Taxi to the Dark Side (2007)
Director: Alex Gibney
Movie review
From Time Out Chicago
The most surprising thing about Taxi to the Dark Side may be that there’s nothing surprising in it: Seven years of executive secrecy and power abuses will alter expectations. In any case, this new film from Gibney (Enron: The Smartest Guys in the Room) takes a multifaceted approach toward dissecting the rationale for torture, starting with a case in which a taxi driver was killed at an American base in Afghanistan and following it to the core of the Bush administration’s political philosophy.
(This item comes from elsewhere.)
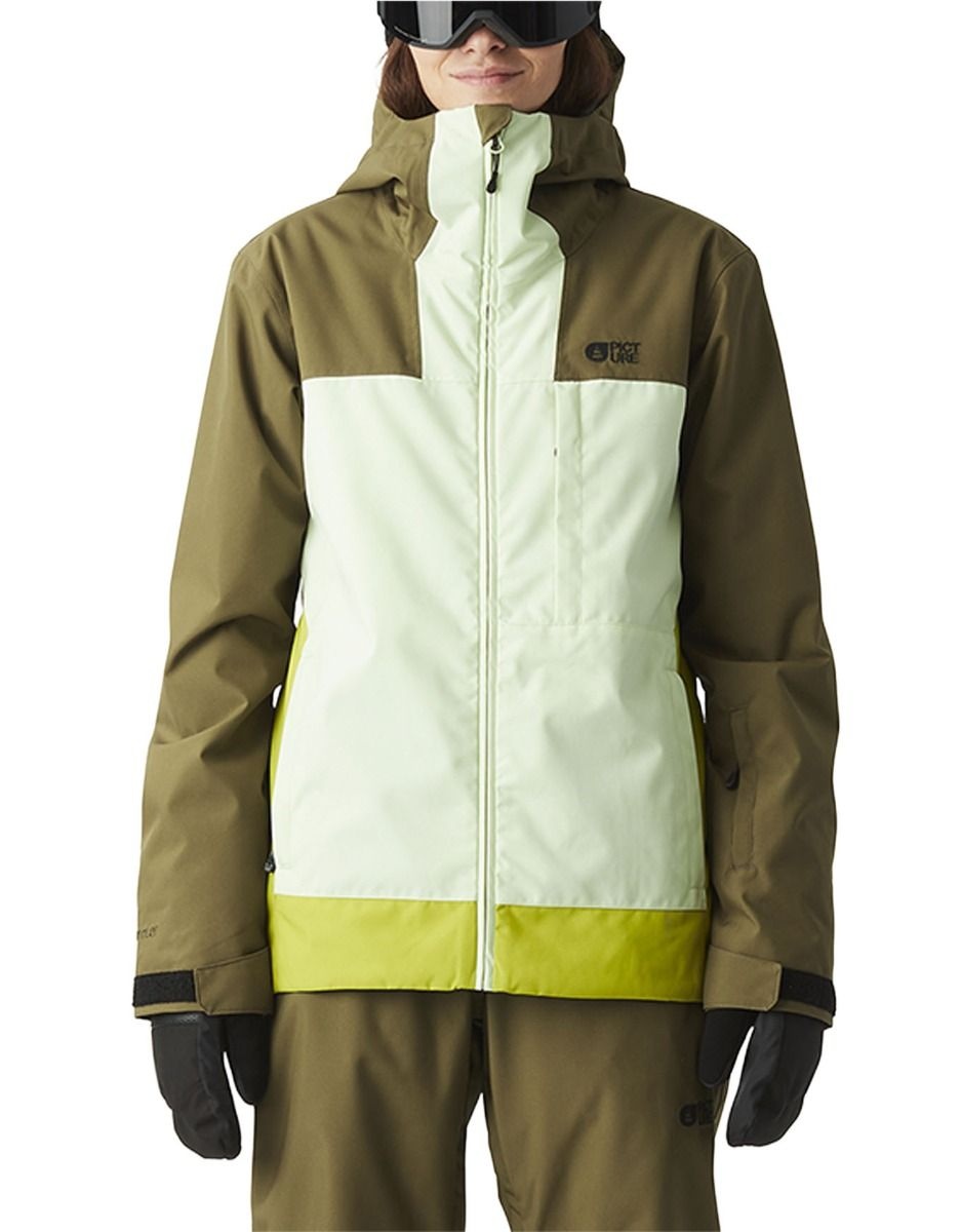 Veste de ski femme Picture Organic Clothing Seakrest Stonewash, membrane Dryplay 10K/10K, isolation polyester, coutures collées, capuche ergonomique et jupe pare-neige.

Interviewing soldiers, professors and civil servants, Gibney argues that loosened definitions of torture create a slippery slope, and that ambiguity reinforces itself. Careful wording by Bush’s legal team creates a situation in which torture equates only to “extreme acts”—a phrase that is never clearly defined. Soldiers aren’t given adequate instructions, and therefore have plausible deniability if a case ever comes to trial. Torture can be dismissed as “degradation,” but if that weren’t appalling enough, experts demonstrate that the line is increasingly thin. Guaranteed by the Supreme Court, habeas corpus at Guantánamo exists only for show. And of course, torture yields false information.
As one interviewed lawyer suggests, the system doesn’t extract intelligence; it merely perpetuates the illusion that the War on Terror has been successful. By the end of this damning and skillfully presented film, it’s difficult not to agree.